I don't really see how Twitter could identify these as "Gibberish". They're normal English sentences, albeit meaningless because they lack any real context.
How could or why would Twitter be able to identify these seemingly undetectable tweets as spam? They don't look like gibberish.
How do you think Twitter tells the difference between a Bot and a human? I get that they are sentences, but they aren't contextually relevant, they don't look like tweets, they look like spam.
If you randomly start posting "Four score and seven years ago" and the rest of the speech out of order you are going to get flagged.
I used to build tweet spam bots, I am very familiar with how they get detected.
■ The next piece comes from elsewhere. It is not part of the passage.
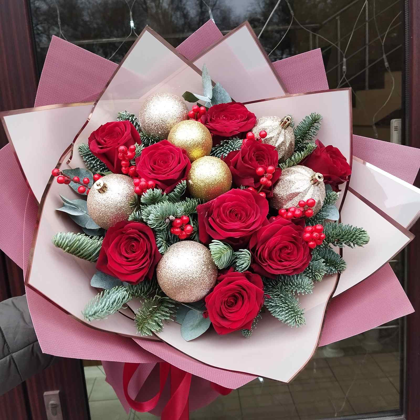 9 x червоних троянд 7 х яскравих кульок 3 x гілки гіперикуму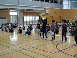 「1年生から6年生までが一緒に遊べる会があるんだよ。その名前は何というでしょう。」「正解は、ジャカジャカジャカ ジャン。」「スマイル会です。」

Put quotes around the whole thing and Twitter will think you're just another 13 year old girl who thinks she's clever by incessantly quoting literature.
> I used to build tweet spam bots, I am very familiar with how they get detected.
I would have thought that the content of a tweet is quite low down on their detection list. IP address, user account, frequency of tweets etc would be much higher.
Very nice! I worked on a similar steganographic system (not for tweets though) that you can find here: https://github.com/hmoraldo/markovTextStego There you'll find both the source code and a link to a paper explaining how it works and how it differs from other approaches.
At Twitter Peak Hype, when journalists were writing silly things like: "Twitter is nothing less than a new internet protocol!", I had a perverse fantasy of implementing TCP/T(weet).
If someone were to do this, it would effectively subsume all further "I implemented $X on Twitter" posts. Sort of like showing that a language is Turing complete.
There's no obvious way of telling where a "secret" sequence would begin and end.
For now, it might be best left as a coordination issue, similar to the choice of corpus: e.g., you know that you'll be tweeting secretly n times a day, at these specific times only, etc.
Or you could use https://scrambls.com/ which uses strong crypto and works for facebook or any site. Keeping in mind that any short message protocol is vulnerable to cryptanalysis.
For this to be secure (one-time-pad) you can't reuse the corpus. That's a big enough pain that I doubt people will actually do it. Which means you can start decoding their tweets once you collect enough.
if David Miranda gets stopped at Heathrow and:
is in his twitter account, it's in no way plausible that they're just innocuous tweets, and he can be compelled to reveal the secret.A true steganographic message would have looked indistiguishable from any other tweet that he would have made normally. this is a cute system, but it's not steganography.